Der Repressionswahn macht sogar vor dem fernen Madrid nicht halt. Dort wurde eine Veranstaltung verboten, die sich am Sonntag mit dem Selbstbestimmungsrecht beschäftigen wollte. Gegen das Verbot des Richters José Yuste Bastarreche geht auch die linke Bürgermeisterin Manuela Carmena juristisch vor. Die Verantwortliche in der Stadtverwaltung findet zum Verbot klare Worte: "Es bedeutet, dass wir praktisch in einer Diktatur leben", sagte Rommy Arce. Angesetzt wurde von den Veranstaltern nun als Ersatz eine Veranstaltung für Meinungsfreiheit, Demokratie und Recht auf Selbstbestimmung.

Sicher freuen sich die Veranstalter über die ungeahnte Werbung und vermutlich wird der "Matadero" (Schlachthof) am Sonntagmittag nun aus allen Nähten platzen, da es auch in Madrid viele Menschen gibt, die sich keinen Maulkorb verpassen lassen werden. So hat auch die Stadtverwaltung angekündigt, alle juristischen Schritte zu unternehmen, um das Verbot - das ebenfalls auf Antrag der PP erwirkt wurde - wieder zu kippen.

Aber auch dieser Vorgang zeigt letztlich erneut, was von der Unabhängigkeit der spanischen Justiz zu halten ist. Der Richter hätte wegen Befangenheit nie darüber urteilen dürfen, denn er hat ein Manifest gegen das katalanische Selbstbestimmungsrecht unterschrieben, mit dem "das Zusammenleben unter Spaniern zerstört" werden solle.

Dass er auch schon über die Bürgermeisterin Carmena herzog, die angeblich kein "präsentables Aussehen" hätte, sagt eigentlich auch schon sehr viel. Um über Fragen zu urteilen, die in Zusammenhang von Entscheidungen der Stadtverwaltung der linken Bürgerkandidatur Ahora Madrid (Jetzt Madrid) stehen, hatte er sich ohnehin längst disqualifiziert. "Wenn ich daran denke, dass solch eine Truppe nun unsere Städte regiert", schrieb er nach dem Wahlsieg vieler linker Kandidaturen bei den Kommunalwahlen wie in Madrid und Barcelona.
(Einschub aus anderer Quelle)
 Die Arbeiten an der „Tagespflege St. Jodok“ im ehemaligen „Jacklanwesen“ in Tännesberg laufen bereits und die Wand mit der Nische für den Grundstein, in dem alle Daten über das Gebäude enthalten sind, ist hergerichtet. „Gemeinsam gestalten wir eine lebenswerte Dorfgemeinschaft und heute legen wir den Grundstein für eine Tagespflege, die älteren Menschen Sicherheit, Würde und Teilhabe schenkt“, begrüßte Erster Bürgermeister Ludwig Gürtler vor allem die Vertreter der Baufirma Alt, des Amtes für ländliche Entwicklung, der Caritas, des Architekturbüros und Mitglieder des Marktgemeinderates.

Fehlte noch ein Hinweis, dass man es mit einem Richter am rechten Rand zu tun hat, sei noch angefügt, dass er auch noch kritisiert hatte, dass die Sozialdemokraten einst in einem Gesetz versuchten, die Opfer des Franco-Regimes zu rehabilitieren. Sogar das total verwässerte Gesetz zur Wiederherstellung der historischen Erinnerung war ihm noch zu viel. Die sozialdemokratische Regierung habe "in dunkler Absicht die Vorgänge und Taten wieder aufleben lassen, nicht aus Sicht eines Historikers, sondern aus Parteiinteressen, die unser Vaterland in diese schwierige Zeit gebracht hatten". So umschreibt er blumig einen Putsch durch die faschistischen Generäle gegen die gewählte Republik, Mord, Totschlag und Folter, ohne auch nur eine Spur davon Distanzierung erkennen zu lassen.
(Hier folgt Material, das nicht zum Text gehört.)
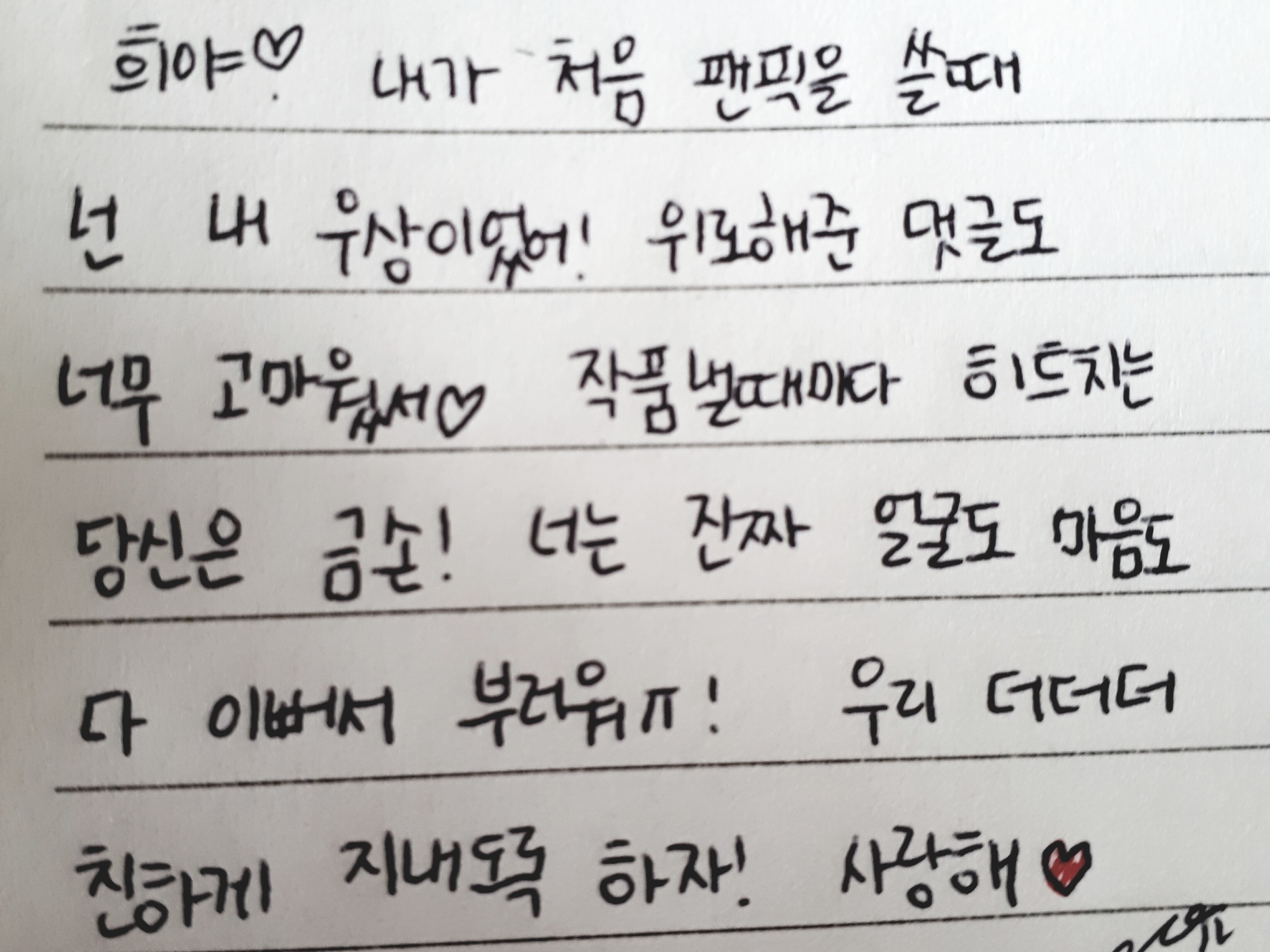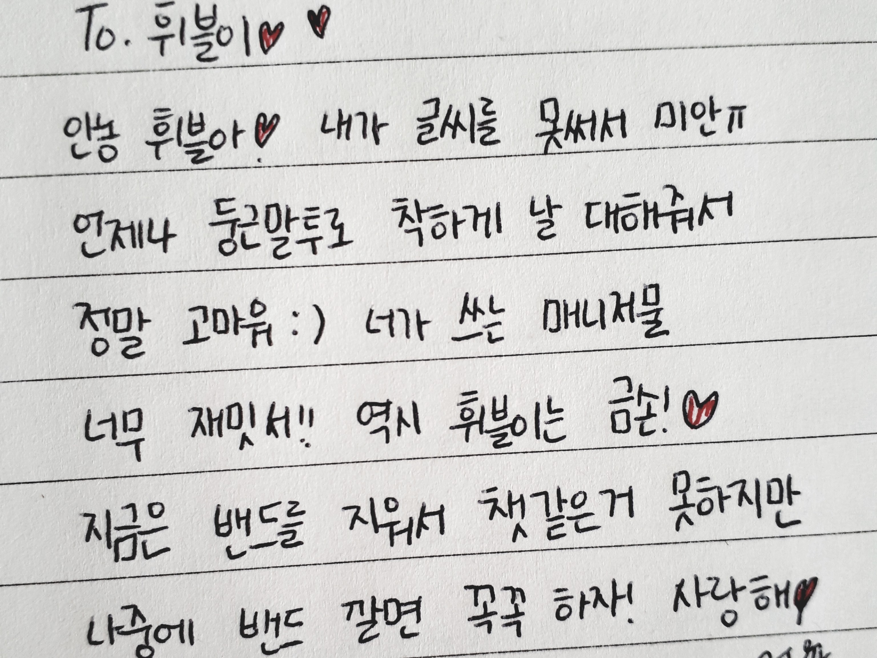 Je suis désolée pour la lettre en retard ㅠㅜ

Man wundert sich darüber vielleicht nicht mehr, wenn man weiß, dass der Vater von Yusty Bastearreche Admiral während der Franco-Diktatur war. Es sagt eher viel über das heutige Spanien aus, dass solche Leute noch immer in der Justiz tätig sein können. Dort können sie auf Antrag der PP die Meinungsfreiheit aushebeln, einer Partei, die von Ministern der Franco-Diktatur gegründet wurde und sich von Putsch und Diktatur nie distanziert hat. Sie zeigt bis heute mit repressiven Ticks, wie stark sie die autoritäre Regierungsform verinnerlicht hat.

Dabei könnte man sich mitten in Europa ein Beispiel nehmen, wie auf Basis des demokratischen Prinzips die Frage des Selbstbestimmungsrechts in Kanada und Großbritannien mit einem abgesprochenen Referendum gelöst wurde, wo keine Politiker verhaftet oder Zeitungen gestürmt wurden. Eine Trennung kann friedlich verlaufen. Das haben Tschechen und Slowaken vor fast genau 25 Jahren mit dem Trennungsbeschluss gezeigt. Beide Länder sind heute befreundet und EU-Mitglieder. In Spanien geht man stattdessen lieber mit Maßnahmen vor, die stärker an die Ukraine oder das ehemalige Jugoslawien erinnern, wo es bekanntlich wenig zivilisiert und blutig zuging.